1970: Seventeen years to the day after the deadliest tornado in Texas history, another tornado struck downtown Lubbock, Texas, killing 26 people. It was the only F5 tornado in history to strike a skyscraper, which had its steel infrastructure twisted by the storm.

May 12[edit]

1970: Severe floods began in Romania, eventually killing more than 200 and leaving more than 250,000 homeless.

May 13[edit]

1980: A strong tornado devastated downtown Kalamazoo, Michigan.

May 14[edit]

1991: The NOAA-12 weather satellite was launched into a polar orbit from Vandenberg Air Force Base, California.

May 15: Start of the East Pacific hurricane season and end of the Mauritius and Seychelles cyclone season[edit]

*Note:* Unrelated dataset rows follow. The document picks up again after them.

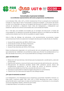 Ante esta situación, desde FSIE Madrid junto al resto de sindicatos del sector mantenemos viva la campaña “Concertada: el personal olvidado”, que se refuerza con nuevas movilizaciones frente a la sede de la Consejería (C/ Alcalá, 32, Madrid). Las dos primeras citas, de otras que vendrán serán:
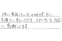 工事が予定よりも早く終り、お二人の手ぎわの良さにびっくりしました。とっても丁寧でした。一週間前倒しで工事までして頂き、感謝です。ありがとう。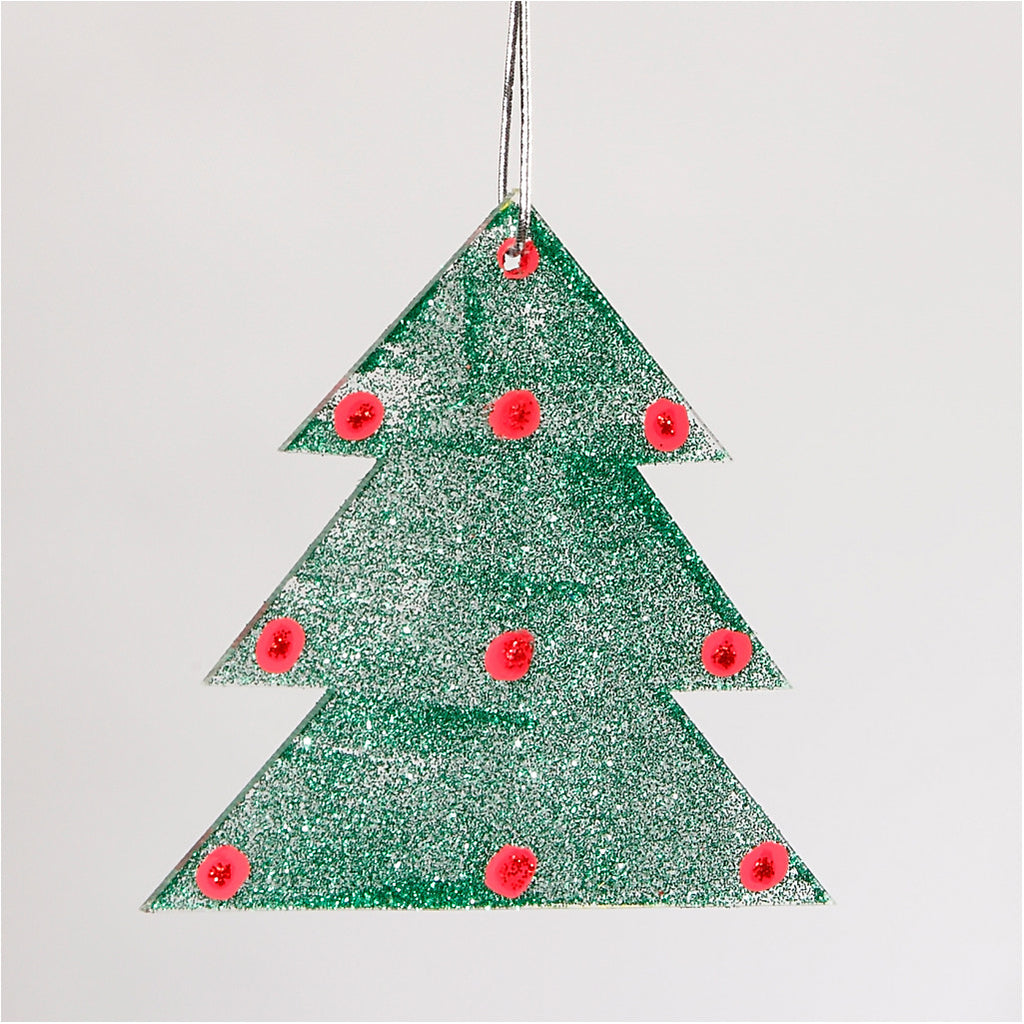 Single ornament of clear acryligc with a hole in the top Display box with 4 different designs: star, heart, snow crystal and christmas tree.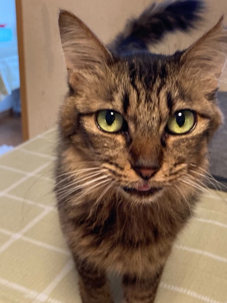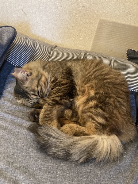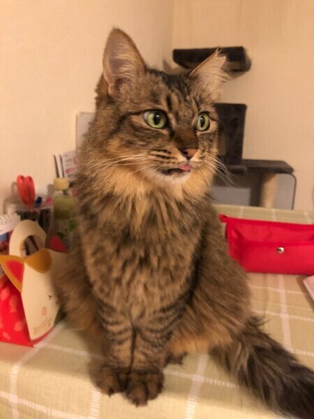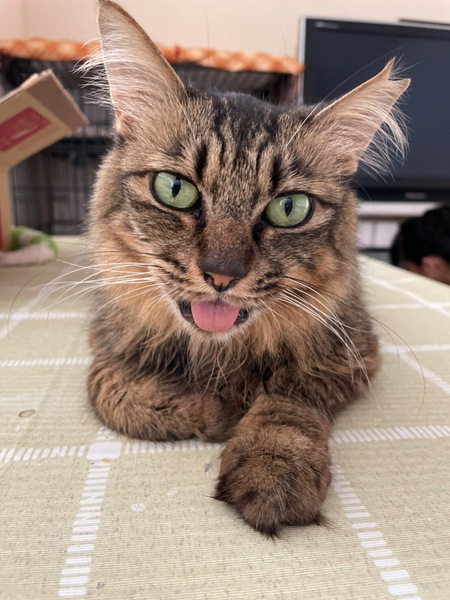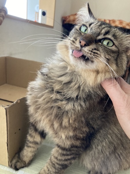 | 特徴(性格など) | ふわふわ長毛の可愛い子です。猫より人が好きなところがあるのでこの子だけで飼っていただける方が良いです。おっとり物腰穏やかでのんびりブラッシングが大好き。とってもかわいい小ぶりな女の子です。猫エイズ陽性のりんご猫ですが今は特に症状もなく元気にしています。 3.8キロ 長毛・キジネコ 猫エイズ(+) 白血病(-) |

1887: A tropical storm formed southeast of Bermuda. This storm would be the first of four off-season tropical cyclones which would form in the Atlantic Ocean that year, the most in recorded history.

May 16[edit]

2004: Typhoon Nida reached category 5 intensity just east of the Philippines.

May 17[edit]

2003: Ratnapura, Sri Lanka, recorded 366.1 millimetres (14.41 in) of rain in just 18 hours from a tropical cyclone that caused some of the worst flooding on the island in its history.

May 18[edit]

1986: Cyclone Namu, the worst tropical cyclone ever to affect the Solomon Islands, killed 150 people as it passed through the island nation.

May 19[edit]

1997: A tropical cyclone made landfall near Chittagong, Bangladesh, killing more than 1,000 people.

May 20[edit]

2013: An EF5 tornado struck the heart of Moore, Oklahoma, killing 24 people, including seven children at an elementary school.

May 21[edit]

1953: A deadly tornado killed 2 people in Port Huron, Michigan, and crossed the St. Clair River into Canada where it killed 4 more people in Sarnia, Ontario.

May 22[edit]

2011: A violent tornado killed 158 people and destroyed much of the city of Joplin, Missouri. This was the most people killed by a single tornado in the United States since the beginning of official tornado forecasts in 1950.

May 23[edit]

1982: Tropical Storm Aletta reached peak intensity off the western coast of Central America. Aletta brought more than 50 inches (1,300 mm) of rain to parts of Honduras and Nicaragua, causing flooding that killed more than 300 people.

May 24[edit]

2006: The GOES 13 weather satellite was launched. Part of the Geostationary Operational Environmental Satellite program, GOES 13 would provide public weather forecasting data to the United States until its retirement in 2018, when it was transferred to the United States Air Force.

May 25[edit]

2009: Cyclone Aila struck Bangladesh, killing more than 300 people.

May 26[edit]

1972: Subtropical Storm Alpha reached peak intensity east of Savannah, Georgia, where it would make landfall the next day.

May 27[edit]

1774: Francis Beaufort, inventor of the Beaufort scale for measuring wind force, was born in Ireland.

May 28[edit]

2012: Tropical Storm Beryl made landfall near Jacksonville Beach, Florida, with maximum sustained winds of 55 knots (65 mph; 100 km/h). Beryl was the strongest off-season Atlantic tropical cyclone on record to strike the United States.

May 29[edit]

1995: A destructive tornado struck western Massachusetts, killing three people in the town of Great Barrington.

May 30[edit]

1959: Tropical Storm Arlene made landfall near Lafayette, Louisiana, bringing more than 10 inches (25 cm) of rain to parts of the northern Gulf Coast of the United States.

May 31[edit]

1889: The Johnstown Flood, caused by days of heavy rains which led to the failure of the South Fork Dam, killed more than 2,000 people in Johnstown, Pennsylvania.